--- DATA PROVIDED ---

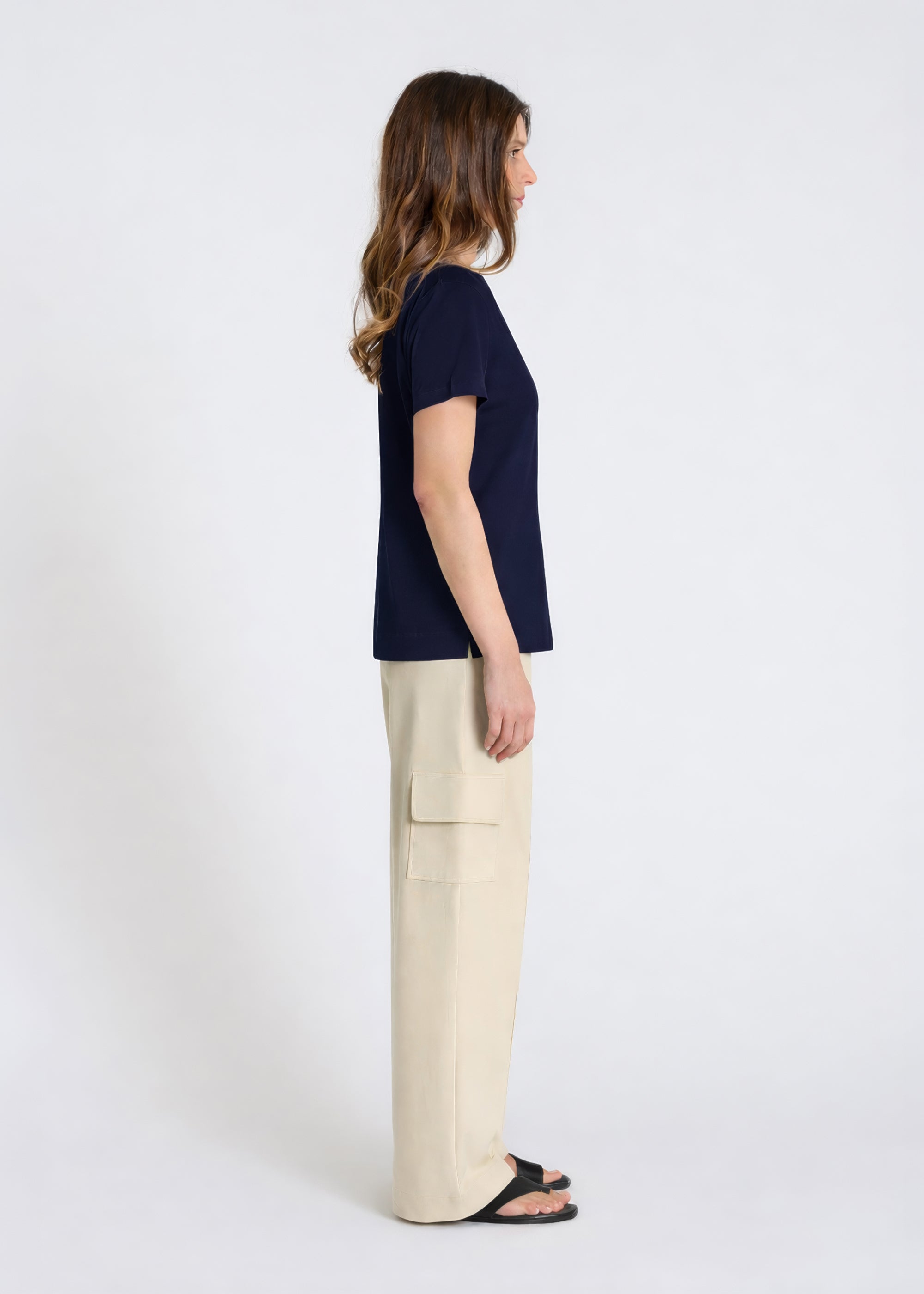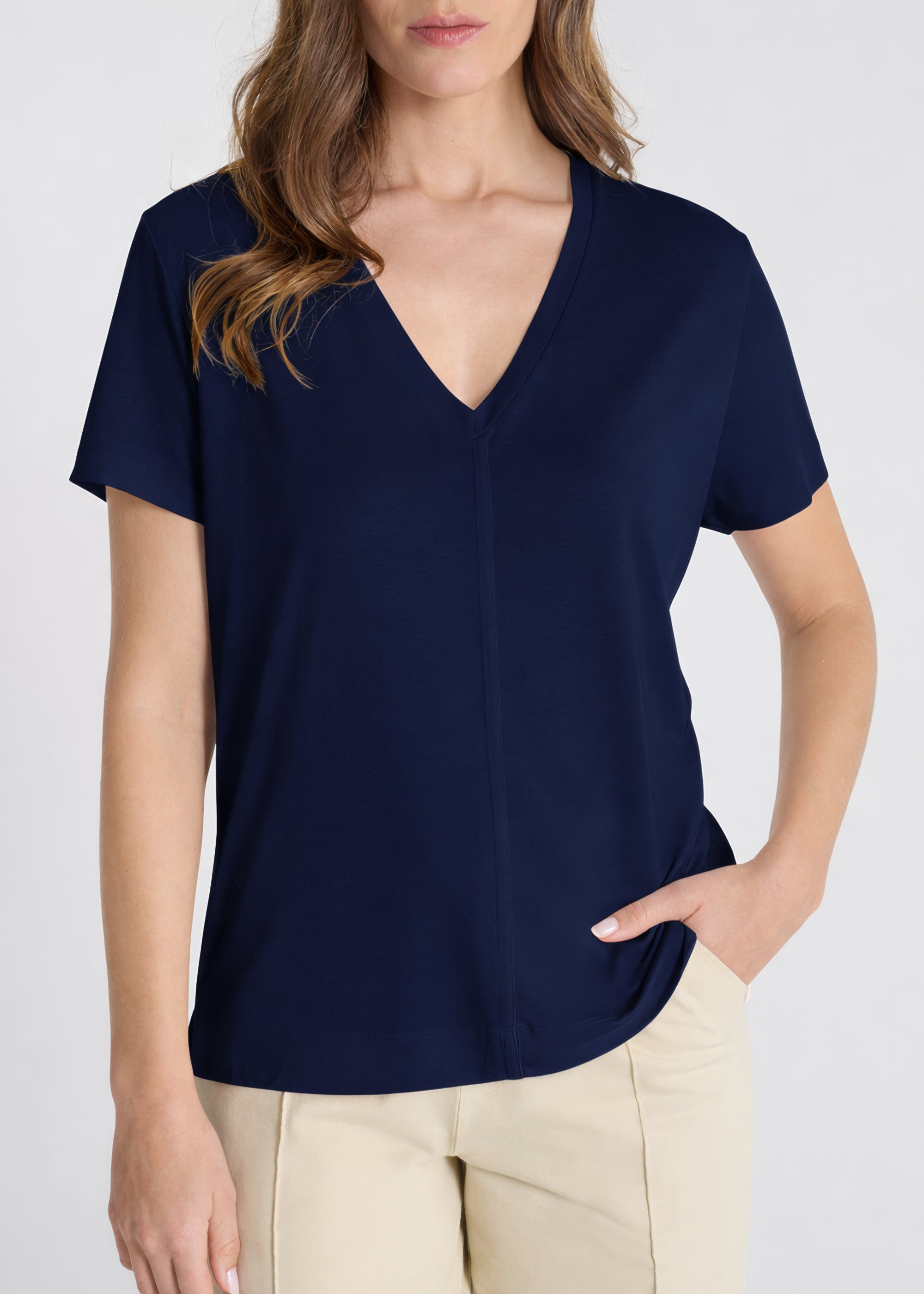 Designed to flatter all body types and suit every moment of the day, the Emilio N t-shirt offers a subtle and modern style. It's crafted from lyocell cotton jersey, a soft fabric that combines comfort with a flawless fit. The V-neck adds a touch of elegance, while the discreet seams at the front and back subtly structure the silhouette. Short sleeves and a straight cut with side slits create a fluid and controlled drape.
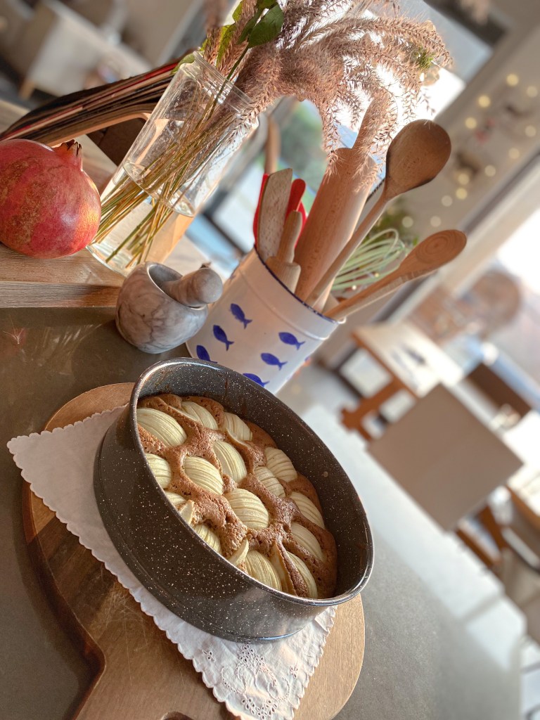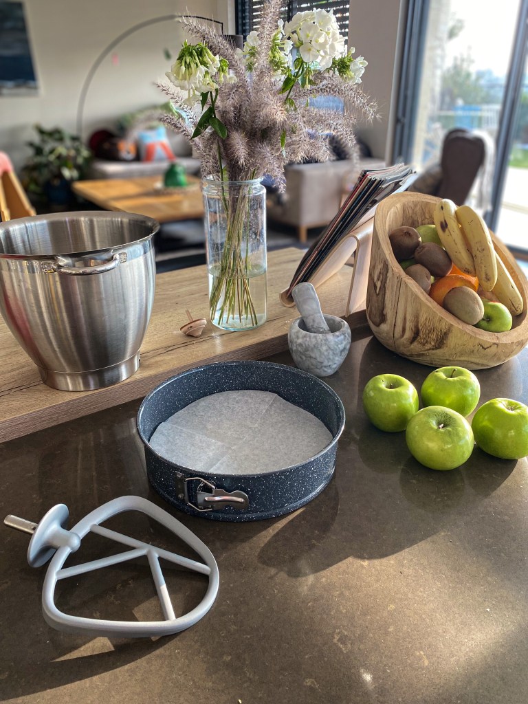 Miluji pečení a tenhle koláč byl přivítáním pro Michellky babičku, která dorazila z Čech do Izraele. Jedná se o lehkou formu sladkého dezertu, ke kterému se výborně hodí bílý řecký jogurt a datlový sirup jako poleva. Jablka zde zjemňují celkovou chuť. Vyzkoušejte, stojí za to 🙂
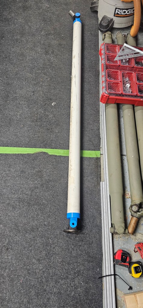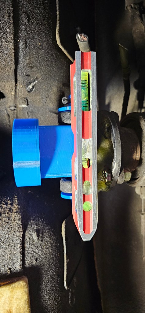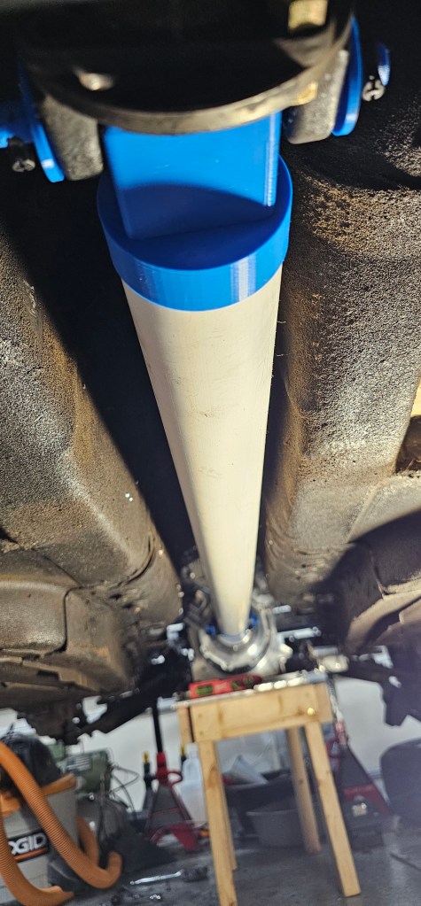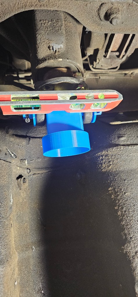 Over the last few days I made a temporary PVC driveshaft that fit into place perfectly. The angle of the diff and the motor are at zero degrees. The motor is offset slightly from center which allows clearance of the driveshaft and gives the ujoints some movement so they don’t freeze up.

---

Once the pictures are removed, output the remaining material exactly.

→ RESPONSE BOX
 Designed to flatter all body types and suit every moment of the day, the Emilio N t-shirt offers a subtle and modern style. It's crafted from lyocell cotton jersey, a soft fabric that combines comfort with a flawless fit. The V-neck adds a touch of elegance, while the discreet seams at the front and back subtly structure the silhouette. Short sleeves and a straight cut with side slits create a fluid and controlled drape.
 Miluji pečení a tenhle koláč byl přivítáním pro Michellky babičku, která dorazila z Čech do Izraele. Jedná se o lehkou formu sladkého dezertu, ke kterému se výborně hodí bílý řecký jogurt a datlový sirup jako poleva. Jablka zde zjemňují celkovou chuť. Vyzkoušejte, stojí za to 🙂
 Over the last few days I made a temporary PVC driveshaft that fit into place perfectly. The angle of the diff and the motor are at zero degrees. The motor is offset slightly from center which allows clearance of the driveshaft and gives the ujoints some movement so they don’t freeze up.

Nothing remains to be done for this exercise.